And then you also had a subset of people who were panicked or they were frustrated and just that there was a huge swing in that emotional variety and it was very interesting when we went back and did it on the student side for the marketplace. We decided, “You know what? We want to be able to really focus our jobs on who we’ve already decided our target personas are.” And that emotional variety wasn’t there because one of the defining characteristics of that group is this growth mindset, positive attitudes towards learning, all of that.
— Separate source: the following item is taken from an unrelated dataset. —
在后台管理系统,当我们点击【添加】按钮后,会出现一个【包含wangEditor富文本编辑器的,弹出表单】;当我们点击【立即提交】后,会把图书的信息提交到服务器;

And so there wasn’t that huge swing because they know, “I can learn it. I can do it and that will get me over this hump.” Rather than, “Oh, my God. I don’t know if I can do this.” Which was a very different experience.
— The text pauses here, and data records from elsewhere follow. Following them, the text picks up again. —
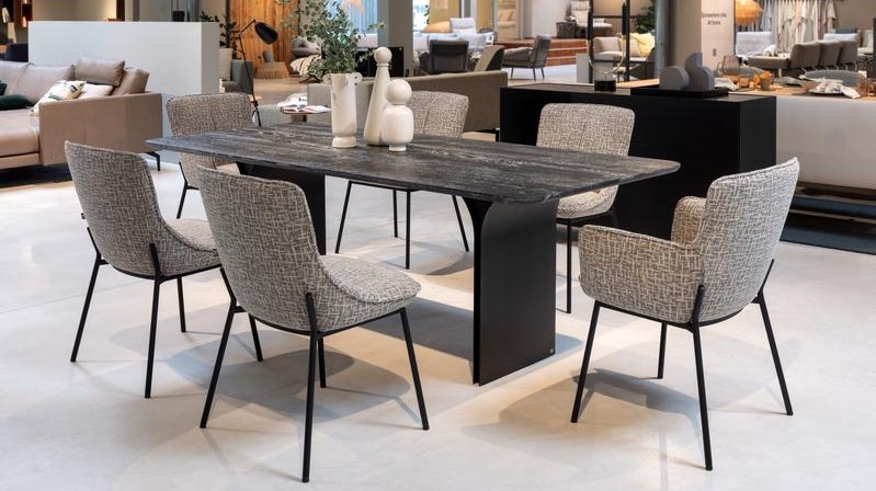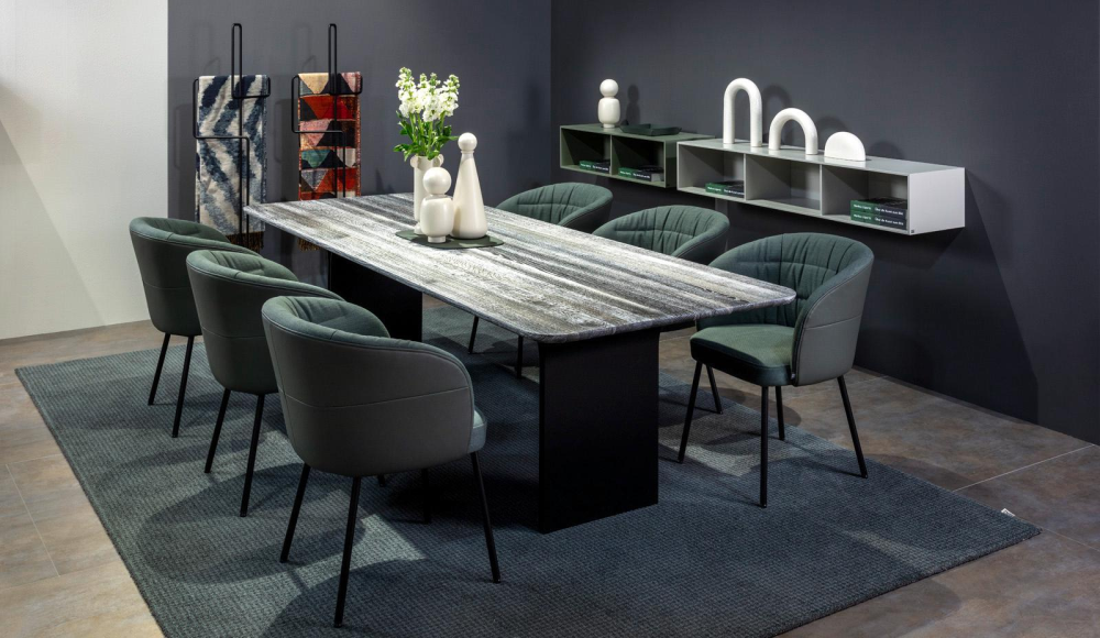 Rolf Benz 990 は、純粋なエレガンスにモダンな外観を与えます。 印象的な感触を持つ頑丈な手磨きのテーブルトップは、狭い粉体塗装のパネルの上に浮かんでいるように見えます。 テーブルトップに向かって花のように開きます。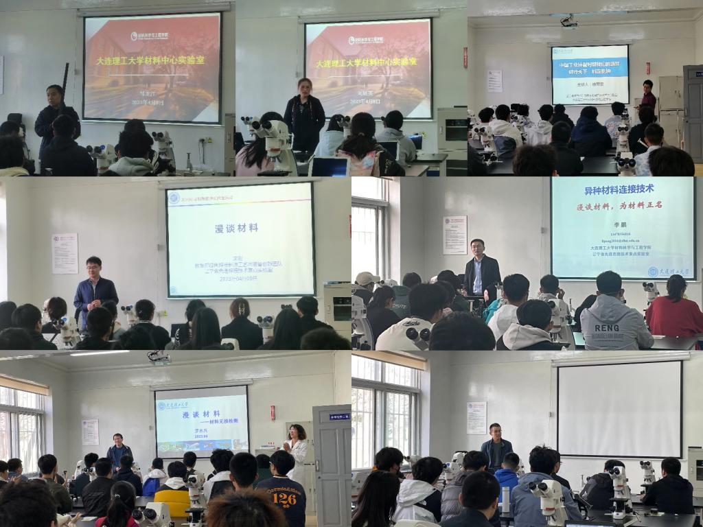 在“漫谈材料”沙龙环节。陈国清教授给每位学生发不同材料制作的样品,声情并茂地讲述金属制剑、高端陶瓷等样本,并引申材料未来的发展方向,鼓励同学未来改革创新,为中国材料行业做出贡献;王清教授以氛围轻松的互动方式,与同学们共同探讨有关规划、发展、专业、目标等话题,给予同学们思考的空间;康慧君教授以“材行天下,料定乾坤”主题,全方位向同学们讲述材料的内涵、大工材料的优势、学生培养模式、材料的研究方向以及发展趋势等;宋刚教授以“左右逢源,进退自如,顶天立地”定位材料专业,鼓励同学们积极尝试,发掘在材料中的兴趣点,勇于探索,潜心钻研;李鹏副教授简要介绍异种材料连接技术,并为大家排除关于材料专业的困惑,介绍焊接专业相关知识,以及焊接技术研究成果,坚定同学们学习材料的信心;罗忠兵副教授介绍材料学中的无痕检测技术,展示材料作为具有交叉学科特色的高精尖技术,在航空航天等诸多尖端领域的应用方面大放异彩;李鹏廷副教授着重介绍了传统材料中的金属材料,讲述目前航空航天、芯片等“卡脖子”技术所需材料的研究成果与进展;邹龙江主任介绍实验室总体情况,简要介绍实验室各个超百万大型仪器设备,以及学院的基本情况,说明了材料在大国重器的建造上有极其重要作用。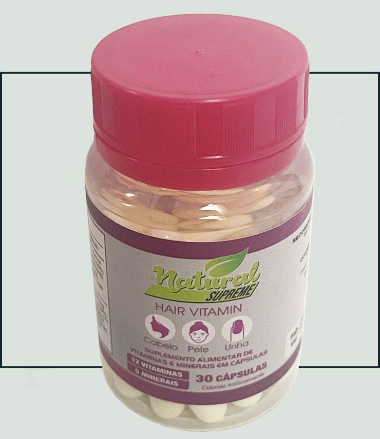 A poderosa fórmula de Hair Vitamin irá deixar seu cabelo e unhas mais fortes através da Biotina composta em nossa fórmula e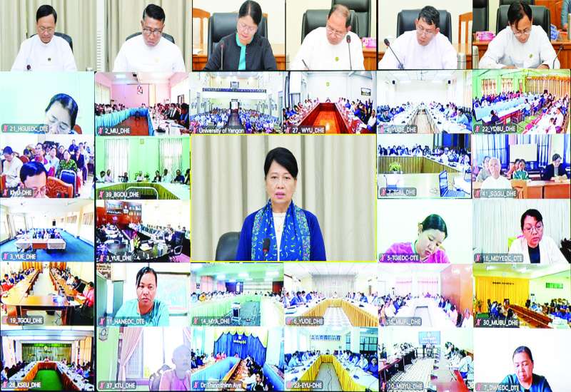 ပညာရေးဝန်ကြီးဌာန ပြည်ထောင်စုဝန်ကြီး ဒေါက်တာချောချောစိန်သည် ယနေ့မွန်းလွဲပိုင်းတွင် နေပြည်တော် ပညာရေးဝန်ကြီးဌာနရုံးအမှတ်(၁၃)ရှိ အစည်းအဝေးခန်းမ၌ တက္ကသိုလ်၊ ဒီဂရီကောလိပ်များ၏ ပါမောက္ခချုပ်များ၊ ကျောင်းအုပ်ကြီးများ၊ ဒုတိယပါမောက္ခချုပ်များ၊ ပါမောက္ခများနှင့် တွေ့ဆုံဆွေးနွေးရာတွင် တက္ကသိုလ်၊ ဒီဂရီကောလိပ်များမှ ကျောင်းသား ကျောင်းသူများ၏ ကျောင်းတက်ရာခိုင်နှုန်း မြင့်မားစေရေးအတွက် သင်ယူမှုဝန်းကျင်ကောင်း ဖြစ်ပေါ်လာစေရေး စီစဉ်ဆောင်ရွက်ထားကြရန်လိုပါကြောင်း မှာကြားသည်။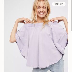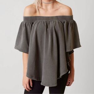 Free People Grey Oversized Off Shoulder Raw Edge Sweatshirt Top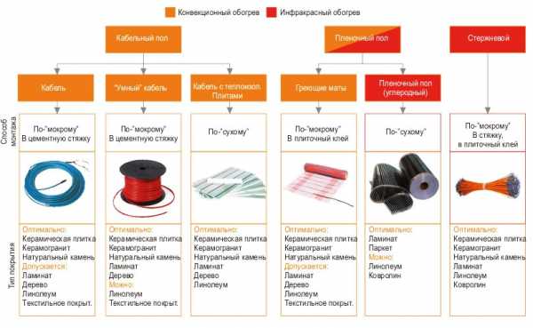Можно назвать несколько видов электрических полов. Для обогрева используется: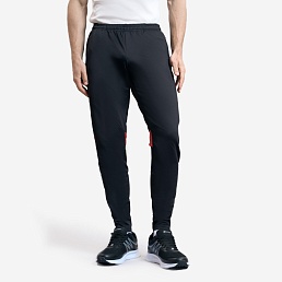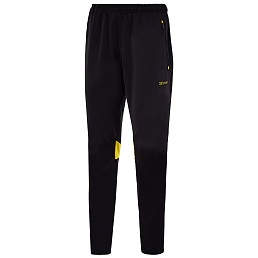 Спортивные брюки для интенсивных тренировок. Модель выполнена из прочной и износостойкой ткани с характерной текстурой. Такая ткань отличается своей водоотталкивающими свойствами и легкостью. Изделие сохраняют свою форму и не деформируется. Боковые карманы на молнии, на обратной стороне брюк на штанинах расположены молнии для быстрого переодевания спортсменов. Врезные вставки под коленями предназначены для удобства конструкции. Брюки имеют прямой крой и шнурки-утяжки для оптимизации посадки. Под утягивающим поясом с задней стороны и на обратной стороне штанин брюк, расположены вставки из сетчатого материала для равномерной и оптимальной вентиляции.

Chris: Yeah. So tell me about… Share what you want about the findings on the marketplace side. So one of the things that I would say is… I’d cringe… Maybe not, but part of me would cringe if you were to say, “Yeah, let’s do the project but let’s scope it only to people with these characteristics like persona based characteristics.” I think if we were setting up a project, I might push back like, “I don’t know if that’s going to be too narrow.” Were you still able to… Did the job still pop out at you even though you feel like you had set the bar on that emotional dimension?

Claire: Oh, a hundred percent. It was just… The jobs are based on slightly different things. So if you think about someone who is volunteering to come and spend their own money on a learning outcome or getting a class, for example. They… The people who do that more often naturally have this desire to learn and if you really want to tailor your business towards people who have already bought into lifelong learning, which makes sense because we’re not going to go into somebody’s house and force them to come and take our classes if they have no initial instinct to do so.

Chris: Yeah.

Claire: That makes sense whereas, in the B2B employee side, you do have bosses coming in and saying, “Okay, you have to do this.” And assigning courses and all of these kinds of things which has very different motivational characteristics and a different makeup of who will actually be using the site for that purpose.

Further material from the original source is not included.